## WHAT TO DO
Using the data below, reproduce exactly the lines from the line with "載鐵活性炭的SEM照片如圖1" to the line with "全校で練習している「♪夢の世", both included; pictures must be dropped.

## DATASET EXCERPTS
- - - - -

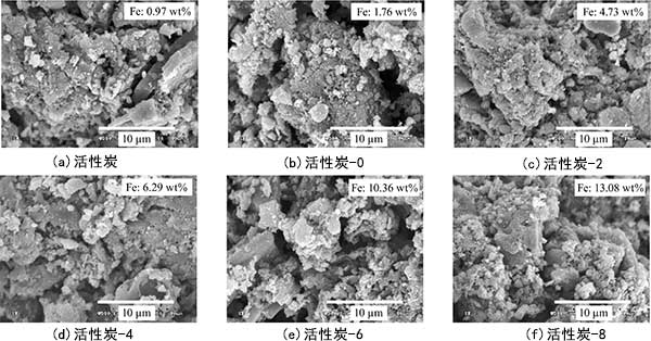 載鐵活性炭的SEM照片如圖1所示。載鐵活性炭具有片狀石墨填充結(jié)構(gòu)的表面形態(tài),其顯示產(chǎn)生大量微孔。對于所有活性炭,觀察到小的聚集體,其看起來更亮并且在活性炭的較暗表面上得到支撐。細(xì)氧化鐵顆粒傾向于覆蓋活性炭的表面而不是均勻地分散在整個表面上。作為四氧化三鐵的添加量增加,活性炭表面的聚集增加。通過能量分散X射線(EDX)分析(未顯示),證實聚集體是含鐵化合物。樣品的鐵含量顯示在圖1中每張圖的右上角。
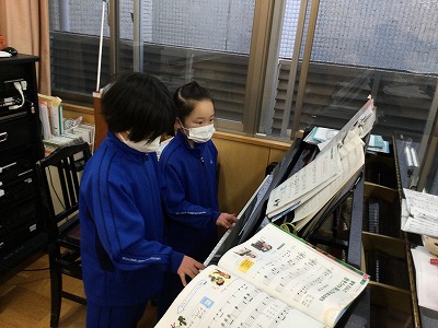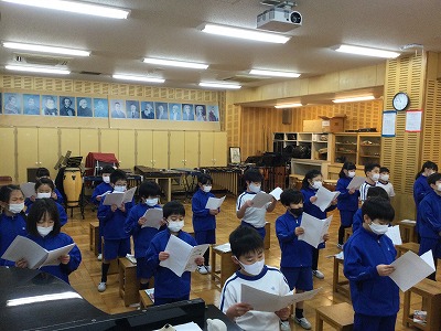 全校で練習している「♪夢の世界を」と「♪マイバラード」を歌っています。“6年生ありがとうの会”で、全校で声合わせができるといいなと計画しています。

- - - - -

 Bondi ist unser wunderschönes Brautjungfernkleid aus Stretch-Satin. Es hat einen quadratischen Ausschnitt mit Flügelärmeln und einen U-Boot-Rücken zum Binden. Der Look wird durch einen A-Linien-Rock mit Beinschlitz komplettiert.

- - - - -

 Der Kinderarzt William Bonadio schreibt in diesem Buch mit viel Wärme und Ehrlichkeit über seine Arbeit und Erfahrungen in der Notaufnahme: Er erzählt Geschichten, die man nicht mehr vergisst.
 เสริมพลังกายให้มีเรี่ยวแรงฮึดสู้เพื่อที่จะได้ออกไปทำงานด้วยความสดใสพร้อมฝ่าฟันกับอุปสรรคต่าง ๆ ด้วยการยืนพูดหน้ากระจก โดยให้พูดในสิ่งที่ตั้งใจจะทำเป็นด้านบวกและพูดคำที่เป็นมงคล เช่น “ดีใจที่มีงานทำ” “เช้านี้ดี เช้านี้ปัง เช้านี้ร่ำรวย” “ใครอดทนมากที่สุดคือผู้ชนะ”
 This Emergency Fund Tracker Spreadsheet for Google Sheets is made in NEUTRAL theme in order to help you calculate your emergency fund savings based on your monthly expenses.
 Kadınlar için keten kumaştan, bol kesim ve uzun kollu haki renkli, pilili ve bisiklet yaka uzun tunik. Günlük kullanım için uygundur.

- - - - -

## WRITTEN ANSWER
 載鐵活性炭的SEM照片如圖1所示。載鐵活性炭具有片狀石墨填充結(jié)構(gòu)的表面形態(tài),其顯示產(chǎn)生大量微孔。對于所有活性炭,觀察到小的聚集體,其看起來更亮并且在活性炭的較暗表面上得到支撐。細(xì)氧化鐵顆粒傾向于覆蓋活性炭的表面而不是均勻地分散在整個表面上。作為四氧化三鐵的添加量增加,活性炭表面的聚集增加。通過能量分散X射線(EDX)分析(未顯示),證實聚集體是含鐵化合物。樣品的鐵含量顯示在圖1中每張圖的右上角。
 全校で練習している「♪夢の世界を」と「♪マイバラード」を歌っています。“6年生ありがとうの会”で、全校で声合わせができるといいなと計画しています。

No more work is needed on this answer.